### Task objective
Would you print the listing that follows exactly, but without its pictures?

### Available data
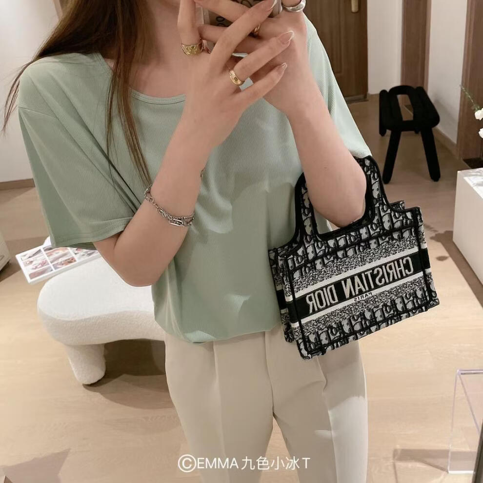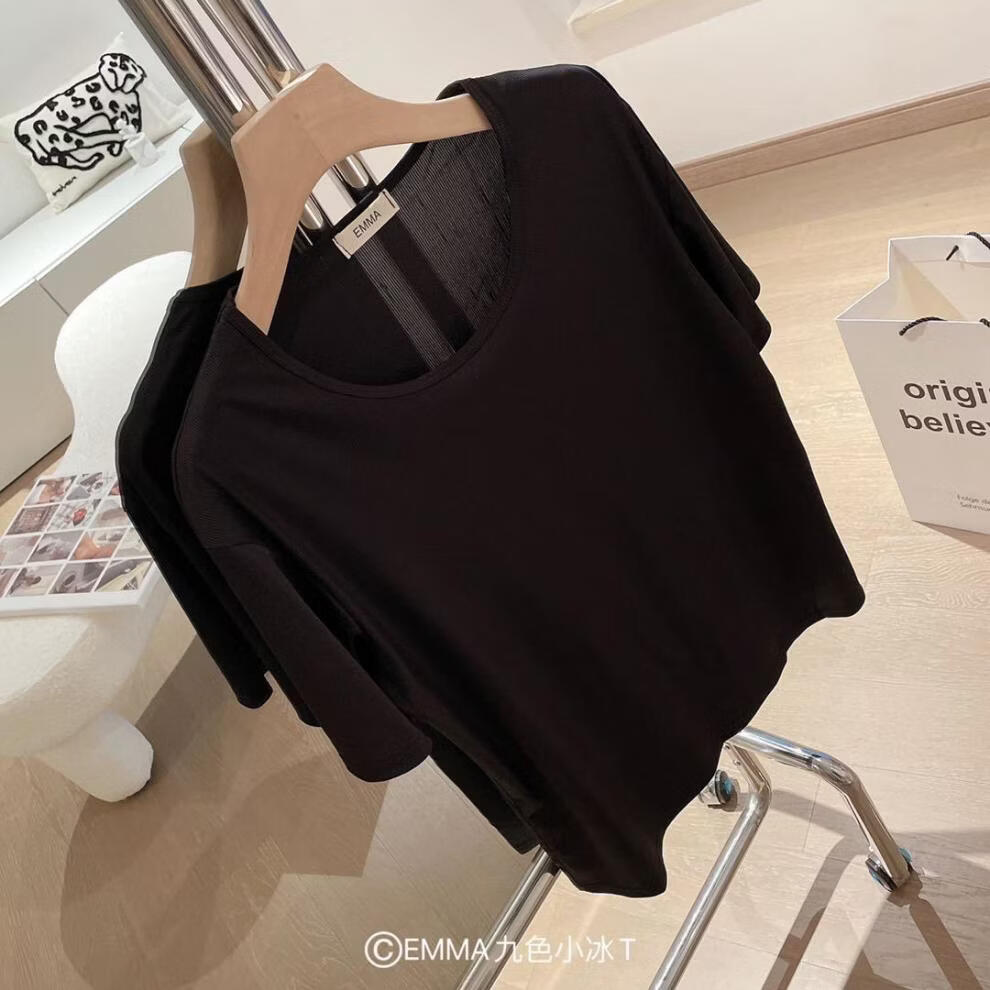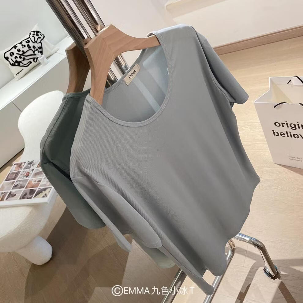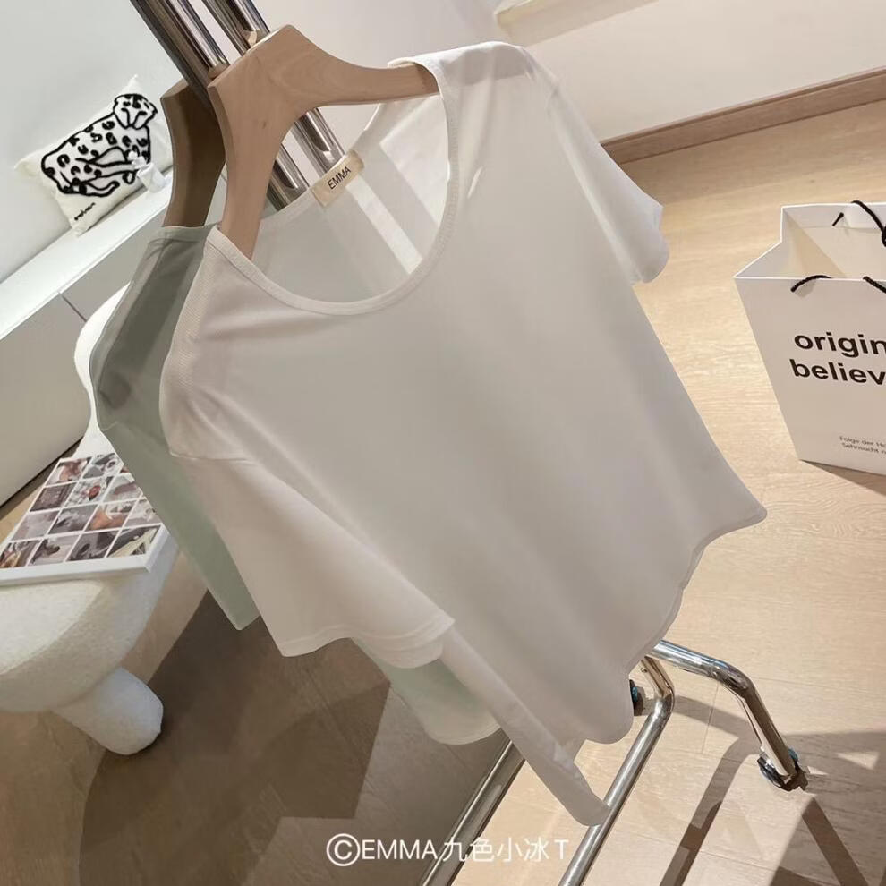 有只绵夏季新款小冰T恤宽松纯色上衣ins潮流圆领T恤短袖女生 黄色 均码 80-135斤
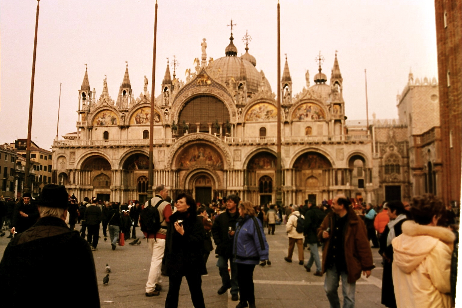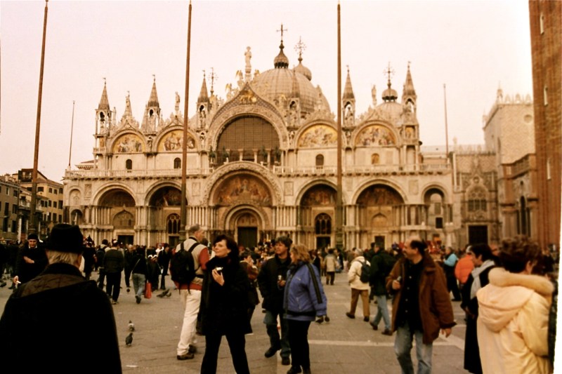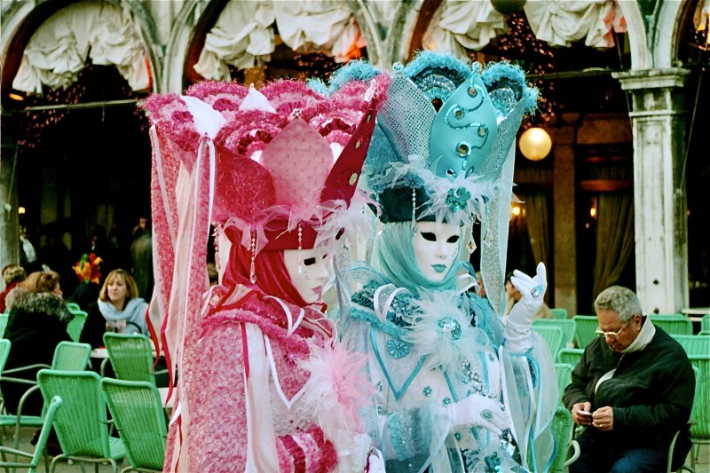 Though it took us almost two hours to do so (Venice, even without the wine, is difficult to navigate and we quickly realized that the maps aren’t much help) we finally found the main piazza – Piazza di San Marco. It is beautiful, bordered on one side with a huge church of the same name and on another by the sea. I hear that at high tide the whole piazza has been known to flood! There was a stage set up in the front and we were able to catch the tail end of a costume contest. Second place was actually awarded to a couple from California wearing nothing but bubble wrap fashioned into a 17th century-esque costume. They said they’d been working on them for over six months and that it was a challenge to fly the costumes to Italy without them popping or coming apart. I guess they had a pretty interesting conversation with the man at customs, but when when finally were able to explain that they were costumes for Carnevale he suddenly completely understood, apologized for bothering them, and wished them luck.
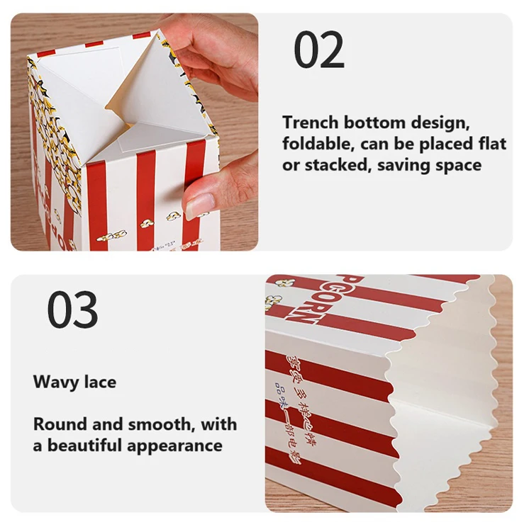 Disposable Popcorn Box Chicken Rice Krispies Birthday Party Table Stuff Paper Box Square Folding Packing Popcorn Box Food
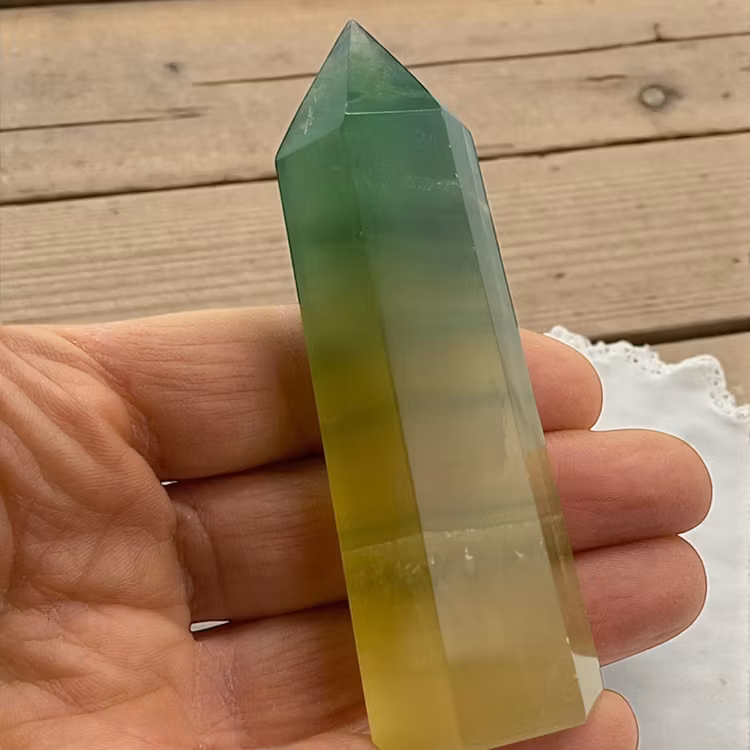 Varje fluoritspets är unik i färg, struktur och uttryck, vilket gör att just din kristall får en alldeles egen karaktär.
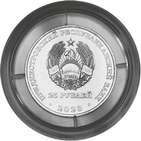 в центре – изображение Государственного герба Приднестровской Молдавской Республики; по кругу – надписи: вверху – «ПРИДНЕСТРОВСКИЙ РЕСПУБЛИКАНСКИЙ БАНК», внизу – год выпуска «2023»; в нижней части под гербом – номинал «25 РУБЛЕЙ».
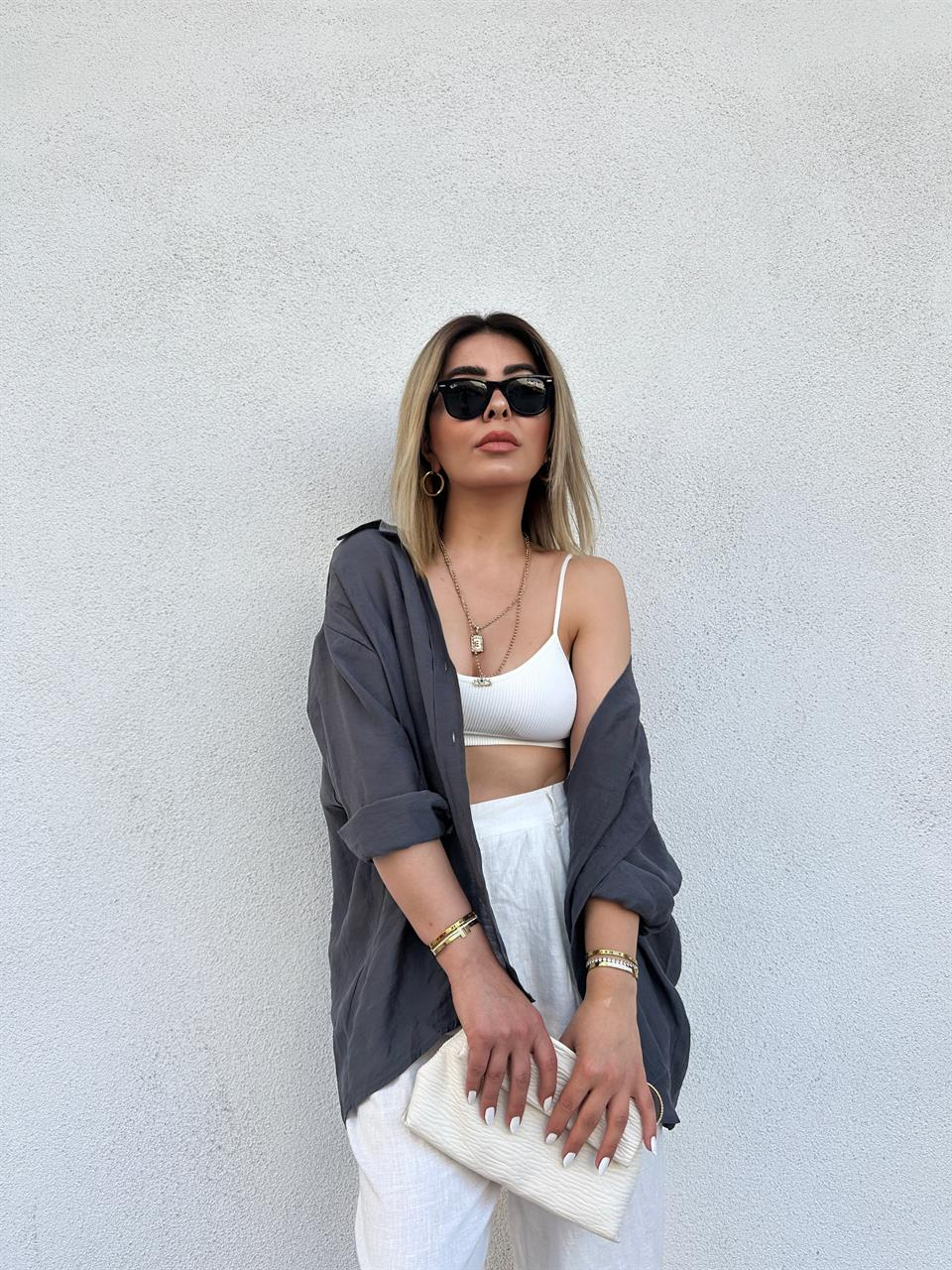 Antrasit Oversize Tensel Gömlek
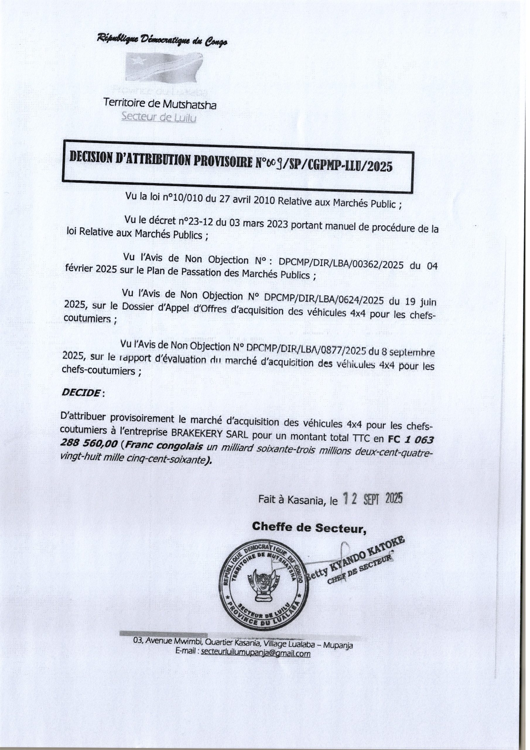 Attribution Provisoire accordée à l’entreprise BRAKEKERY relative à l’acquisition des véhicules 4×4 pour les chefs-coutimiers

### Solution to the exercise
 有只绵夏季新款小冰T恤宽松纯色上衣ins潮流圆领T恤短袖女生 黄色 均码 80-135斤
 Though it took us almost two hours to do so (Venice, even without the wine, is difficult to navigate and we quickly realized that the maps aren’t much help) we finally found the main piazza – Piazza di San Marco. It is beautiful, bordered on one side with a huge church of the same name and on another by the sea. I hear that at high tide the whole piazza has been known to flood! There was a stage set up in the front and we were able to catch the tail end of a costume contest. Second place was actually awarded to a couple from California wearing nothing but bubble wrap fashioned into a 17th century-esque costume. They said they’d been working on them for over six months and that it was a challenge to fly the costumes to Italy without them popping or coming apart. I guess they had a pretty interesting conversation with the man at customs, but when when finally were able to explain that they were costumes for Carnevale he suddenly completely understood, apologized for bothering them, and wished them luck.
 Disposable Popcorn Box Chicken Rice Krispies Birthday Party Table Stuff Paper Box Square Folding Packing Popcorn Box Food
 Varje fluoritspets är unik i färg, struktur och uttryck, vilket gör att just din kristall får en alldeles egen karaktär.
 в центре – изображение Государственного герба Приднестровской Молдавской Республики; по кругу – надписи: вверху – «ПРИДНЕСТРОВСКИЙ РЕСПУБЛИКАНСКИЙ БАНК», внизу – год выпуска «2023»; в нижней части под гербом – номинал «25 РУБЛЕЙ».
 Antrasit Oversize Tensel Gömlek
 Attribution Provisoire accordée à l’entreprise BRAKEKERY relative à l’acquisition des véhicules 4×4 pour les chefs-coutimiers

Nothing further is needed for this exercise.